Managing the Mobile Security Architecture
Ideally, a mobile security architecture is not created as a one-off effort, it is a living thing that needs to be maintained and applied constantly. It’s a reference that should be used by project teams as they design and implement their specific mobile solutions. However, the world is constantly changing.
Business requirements evolve, and the front end of the architecture, the contextual architecture, must be reviewed and updated periodically. An important question is: at what point do the contextual changes create sufficient pressure to change the underlying conceptual architecture and other layers?

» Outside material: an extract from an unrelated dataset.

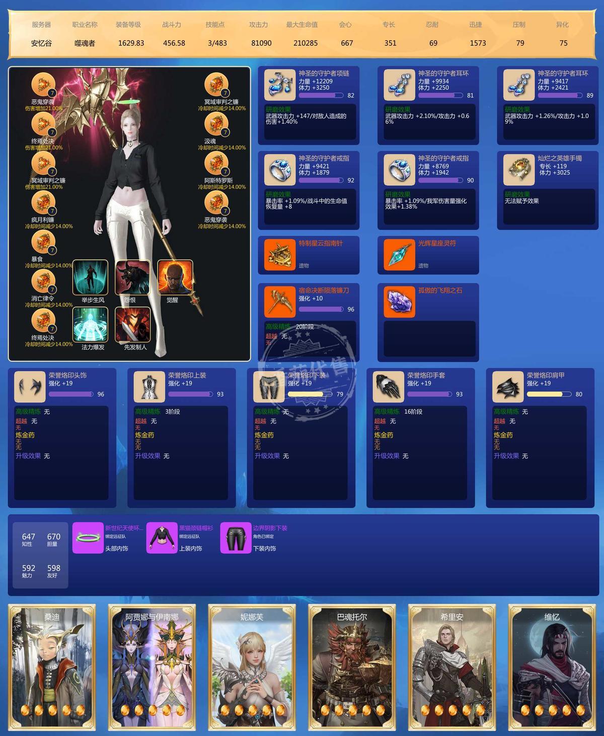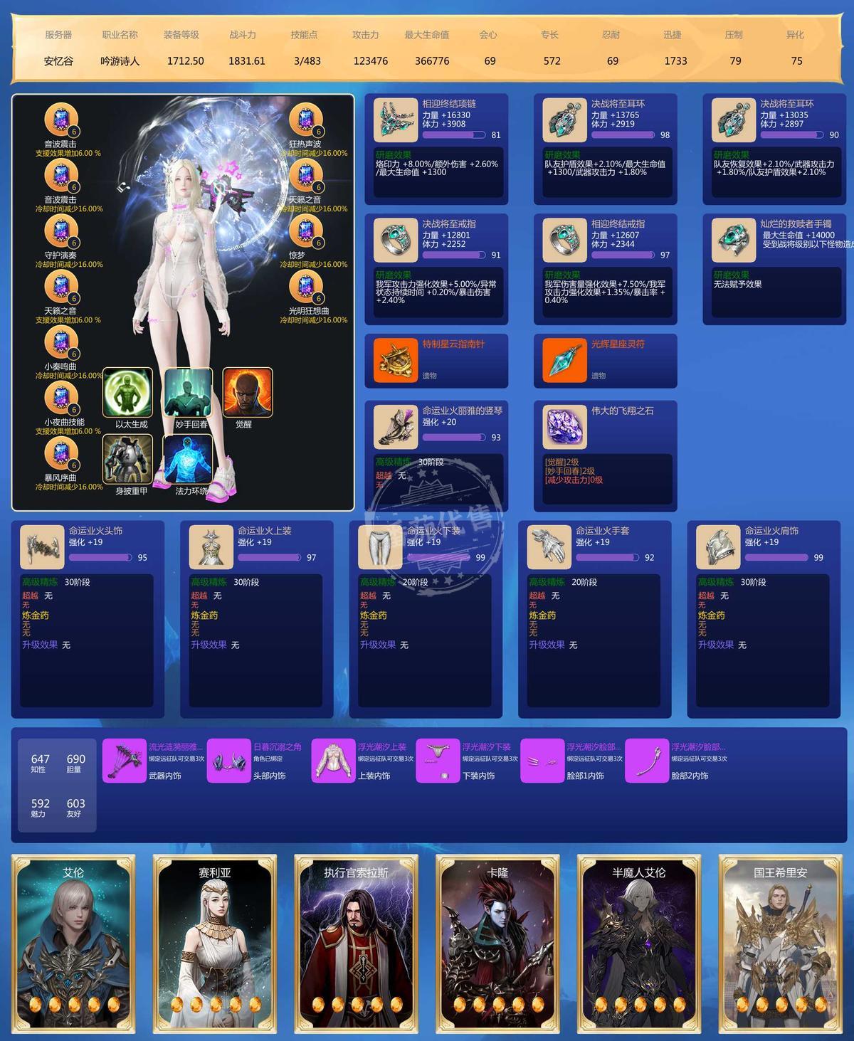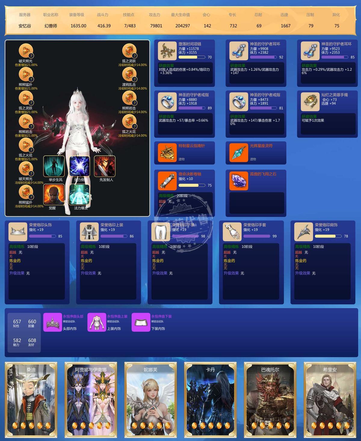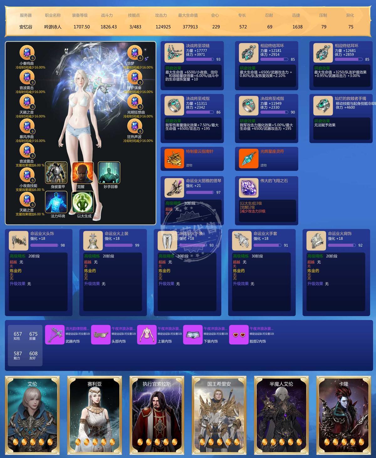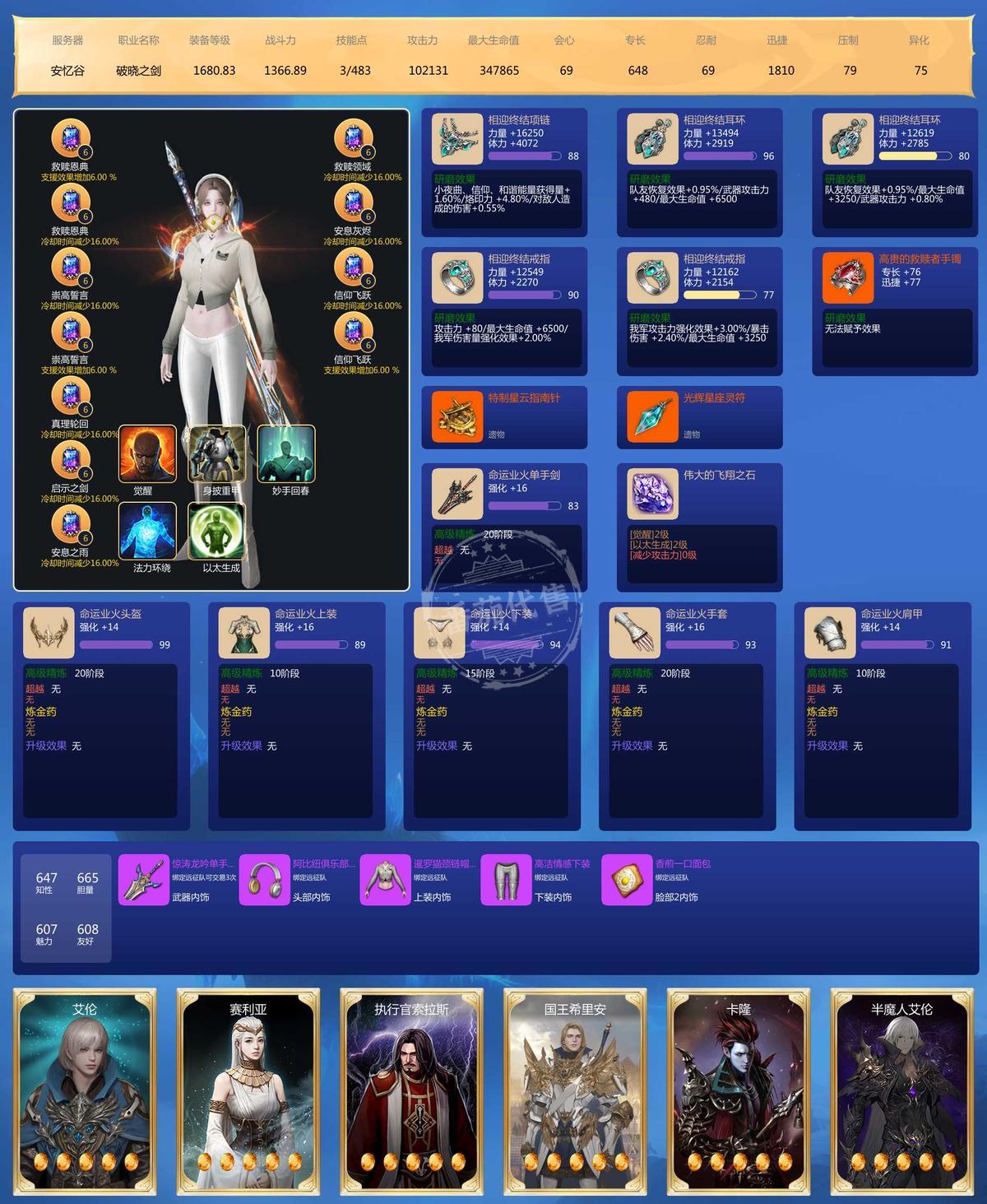 商品描述: 究极心血开服全勤号 354级远征 邮寄额度2400w 业力车头3个6 其他全部2个6 武器高阶三个40 三个30 点了很多防具的30 首饰全部单金以上 车头套六战斗力2100多 其他的号 一个1900三个1800一个1700多 遗物书吃了很多 怨恨两颗豆 咒术差两本满 所有卡片都在24以上 有几个快30的 背包有六七本自选卡牌 每个号红蓝石头10w以上 背包有800多箱精炼材料 乐园排名全部前30 收集摩乐乐种子 海图啥的全满 号上的阿特罗 血药 资源 游戏没了都用不完 生活方面 2500多跃动精华

The changing behavior of mobile users affects the security aspects of the solutions they use. There is also a need to keep pace with changes in the world of mobile security, such as new threats and best practices to handle them.
The question arises: how do we monitor and measure the security aspects of our mobile solutions and keep up to date with changes affecting security in the mobile world?
Technology also changes and new mobile security solutions become available. This also raises a question: when should you change decisions in the physical architecture from one technology or product to another? These questions suggest a continual architecture review process that is governed in a structured way and monitors how well mobile operations are performing to meet business security requirements.
Crucialto ongoing efficiency and security of mobile solutions is user awareness. All the required attention to architecture and operations is worth nothing unless continued effort is made to ensure users are aware and comply with relevant and up to date policy and governance.
Security is a vital part of any large IT deployment and is arguably even more important with mobile devices. The key to securing these devices is understanding the risks posed to the enterprise by their use.
The trend towards “scattering” of information across many locations has grown in parallel with the uptake of mobile devices for personal and business use. With the acceptance of mobile device use within the enterprise, these separate, but related trends offer many benefits, but present many new and unprecedented security challenges.
A careful selection and enforcement of technologies, policies and governance can ensure that a mobile strategy provides adequate support to build secured mobile solutions and, potentially, could be more secure than current systems. A suitable strategy will allow the enterprise to reap the business benefits of the mobile revolution, while safeguarding it and its employees and clients from the risks.